Dans les contes slaves, les Babayagas sont d’effrayantes sorcières qui vivent dans une forêt impénétrable et dévorent voyageurs et jeunes enfants. Avec un brin d’ironie, comme pour prendre le contrepied de la vieillesse, c’est le nom que se sont choisies les membres d’une association de retraitées de Montreuil. En plein centre ville, point de méchantes créatures, mais d’accueillantes dames âgées de 60 à 80 ans, installées dans un immeuble sorti de terre il y quelques semaines : la Maison des Babayagas.
Derrière la façade jaune et blanche, 25 logements sociaux destinés aux femmes modestes qui refusent de passer leurs vieux jours toutes seules. Pour le moment, elles sont sept pionnières à avoir posé leurs cartons entre ces murs encore imprégnés de l’odeur de peinture fraîche. Le projet, lui, était en route depuis treize ans. Pas de personnel soignant ni de chambres médicalisées. Ce qui pourrait ressembler à une maison de retraite n’en est pas une. C’est parce que les femmes sont les plus touchées par la précarité et la solitude que la Maison des Babayagas est née.
Cette utopie a germé dans l’esprit de Thérèse Clerc dès 1999. Assistant sa mère en fin de vie tout en gérant le tumulte de la sienne, elle a décidé, l’heure venue, de ne pas imposer cette épreuve à ses enfants.
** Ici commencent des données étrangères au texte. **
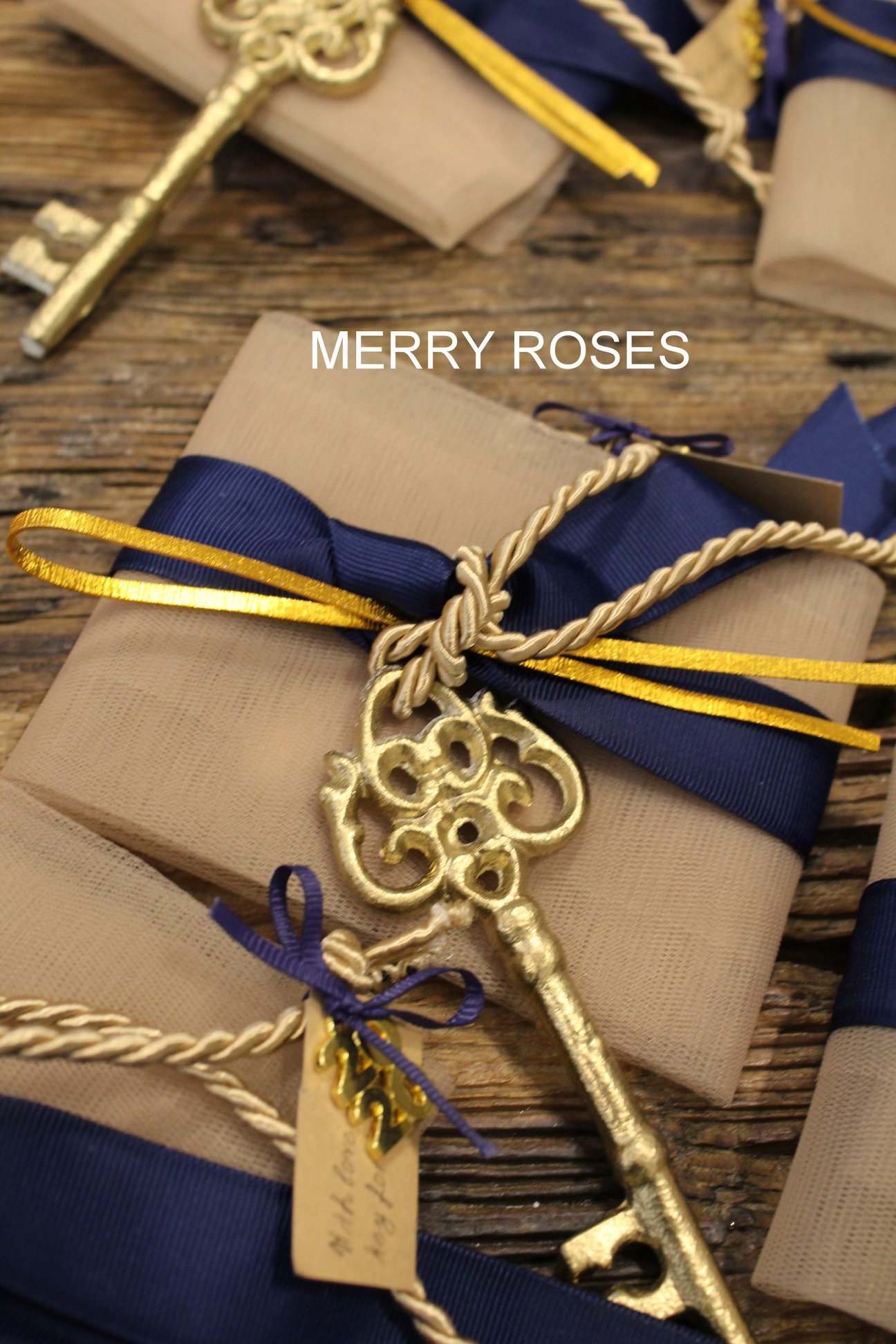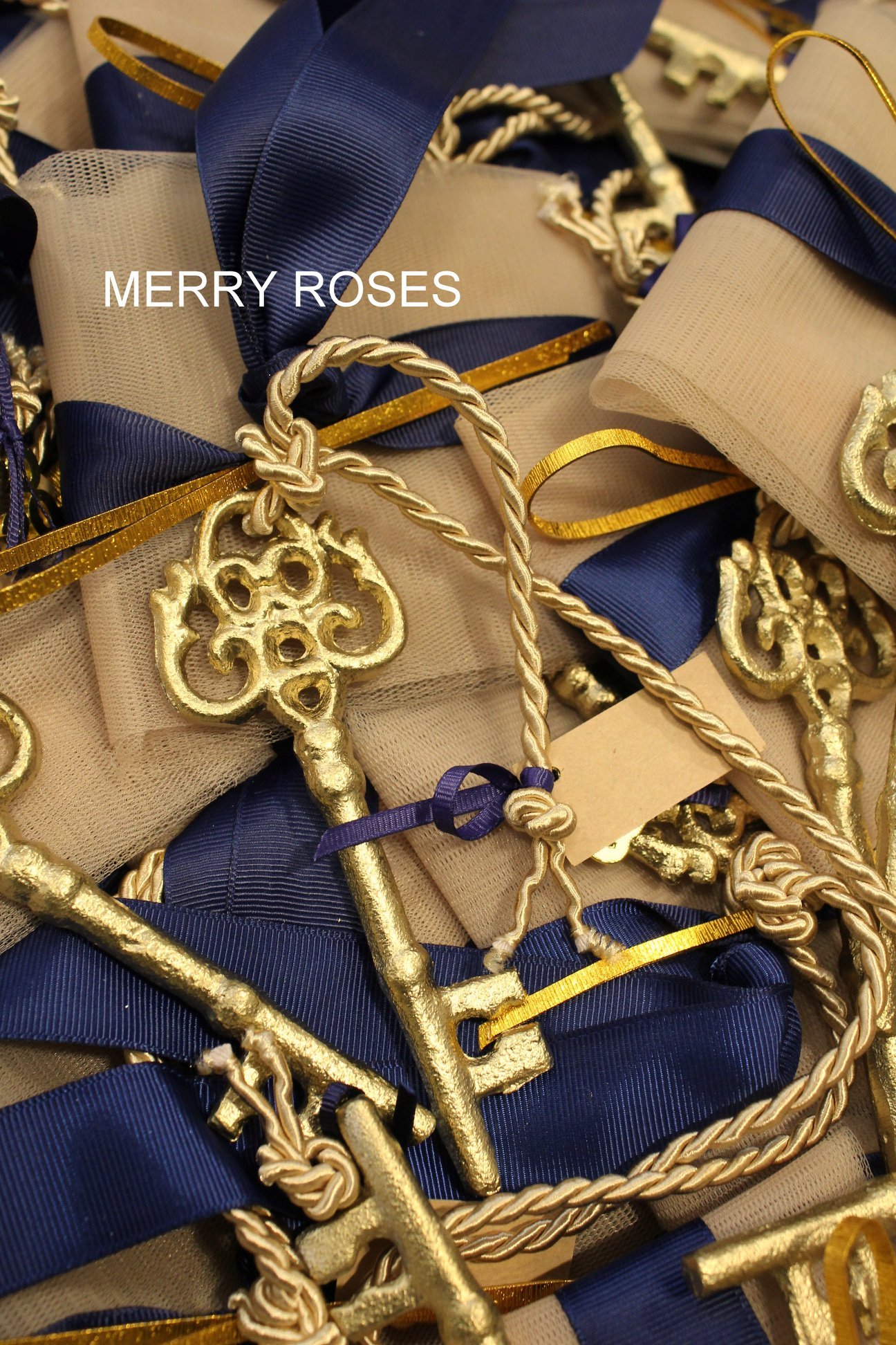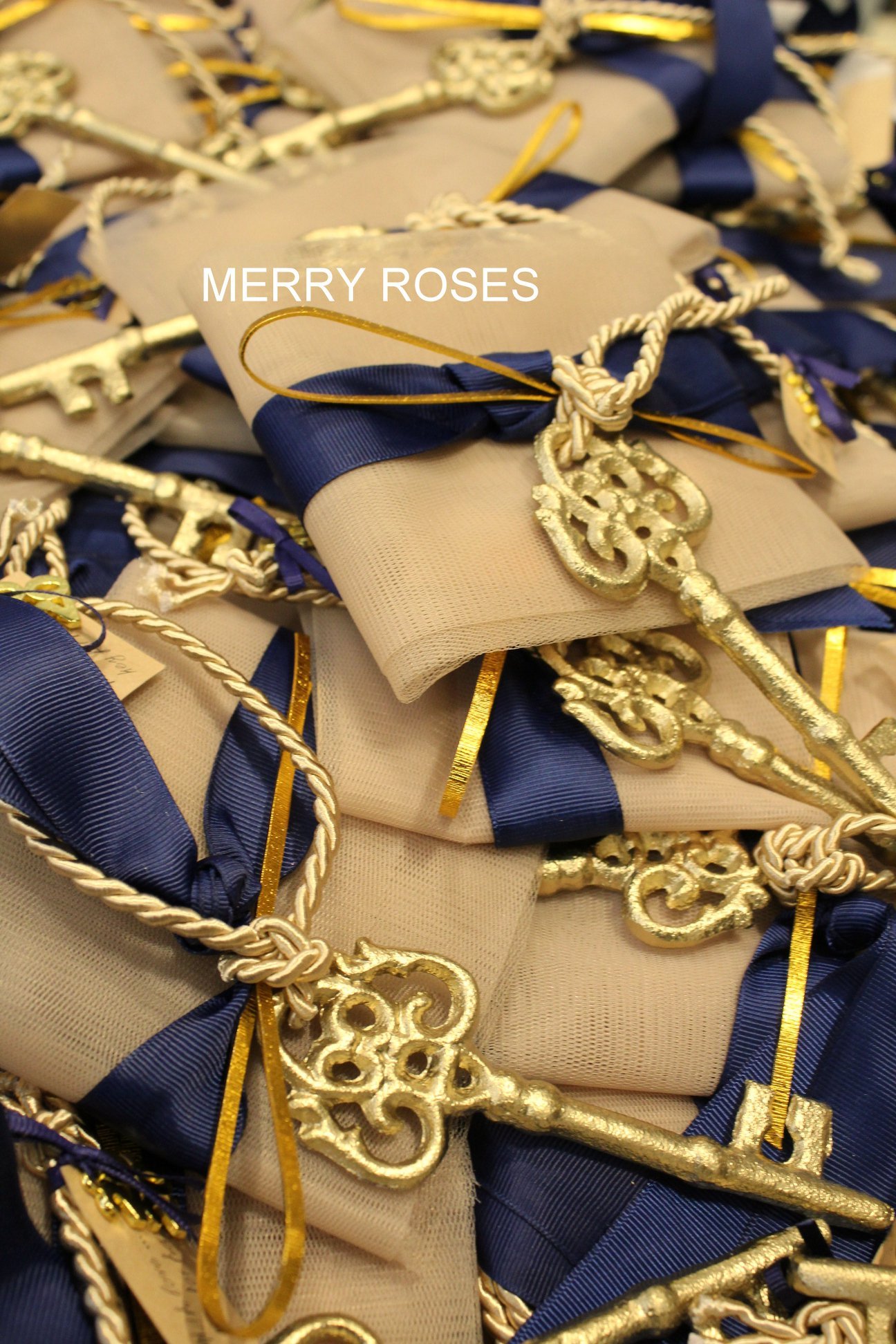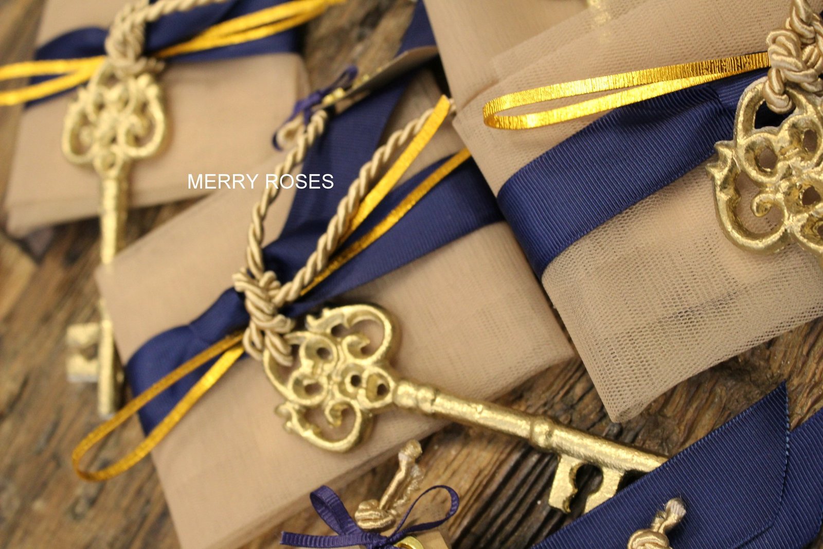 Μπομπονιέρα γάμου ,vintage μεταλλικό διακοσμητικό κλειδί 12,5 εκ χρυσό δεμένο σε τούλινη θήκη με κορδέλες,γκρό μπλε , μπέζ rayon κορδόνι & διακοσμητική χρυσή μεταλλική ράβδο .

Militante féministe de longue date, Thérèse Clerc a souhaité que cette maison, fondée sur l’autogestion et la solidarité, ne s’adresse qu’aux femmes : « les hommes ne restent pas veufs, ils trouvent généralement une seconde épouse plus jeune pour s’occuper d’eux », lance-t-elle, l’œil malicieux. « Le regard de la société est différent envers les femmes : passé un certain âge nous ne sommes plus considérées », reprend Thérèse, 85 ans. Après une vie à éduquer les enfants et s’occuper de leurs maris, les Babayagas revendiquent le droit à la tranquillité et s’affranchissent des contraintes qui étaient encore les leurs quelques années auparavant.